Wait a second, where are the loop conditions and jumps and why the code is much longer than before? The compiler had just unrolled the for..loop
by copying the body of the loop by 10 times and pre-computing the value to be passed to the printf()
function. This increase the performances because the jump and compare instruction are completely removed.

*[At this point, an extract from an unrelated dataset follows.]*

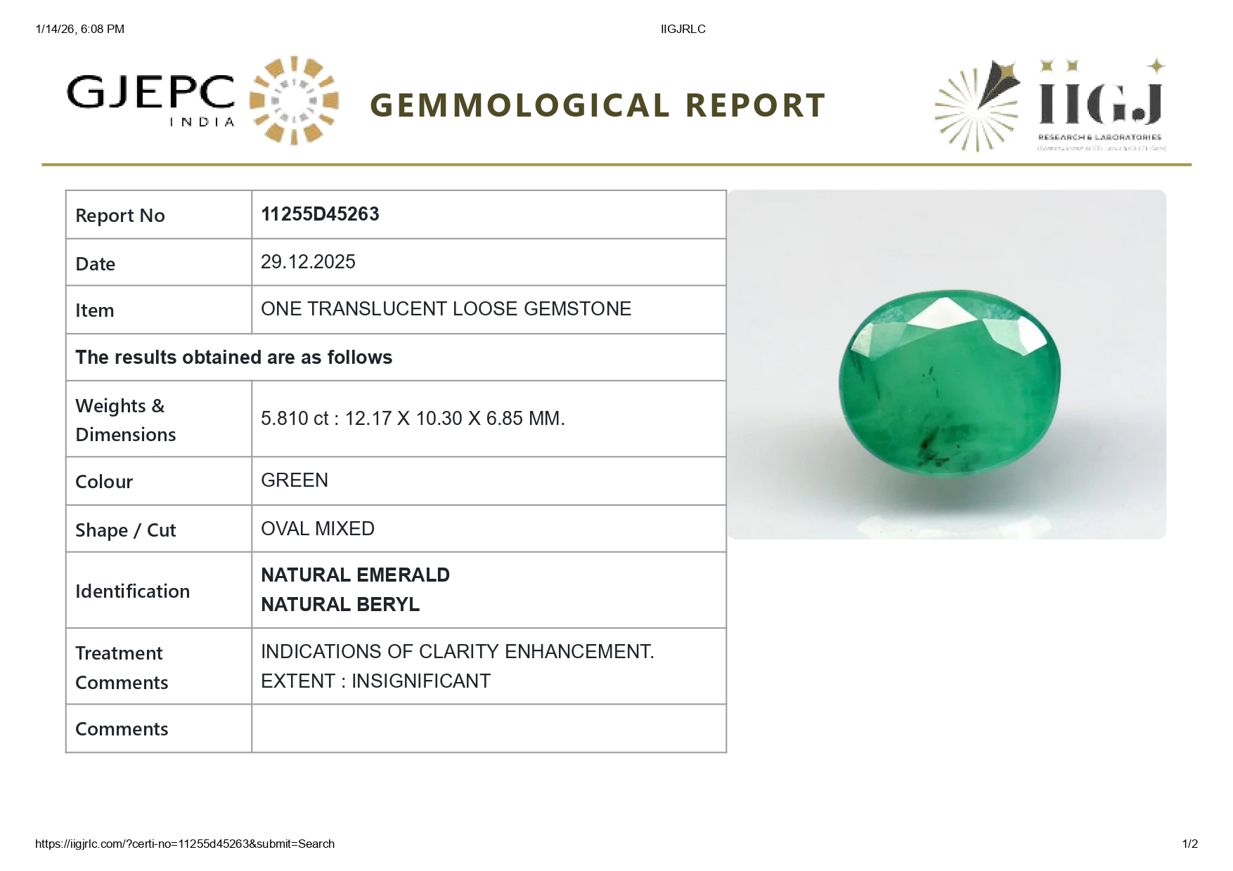 Buy one beautiful translucent 5.81 Carat/ 6.38 Ratti original Emerald online. It has a Oval shape and a clarity grade of eye clean (evaluated at eye level), medium Green color intensity, and an excellent polish. The origin of this emerald is Zambia. This emerald stone is unheated & untreated and certified from IIGJ Govt. lab.

In modern CPUs with branch prediction this type of optimisation doesn’t gain you much speed but don’t forget your code is not alone, another application are running at the same time sharing the same CPU L1 and L2 cache, flushing the part of your code referenced by the loop’s jumps.
Generally speaking a unrolled loop will smooth the job for branch prediction algorithm. Another type of loop’s optimisation which involved loop unwinding is the Duff’s device.
Conclusion
Short post today put a very interesting optimisation done by the compiler when a loop is involved.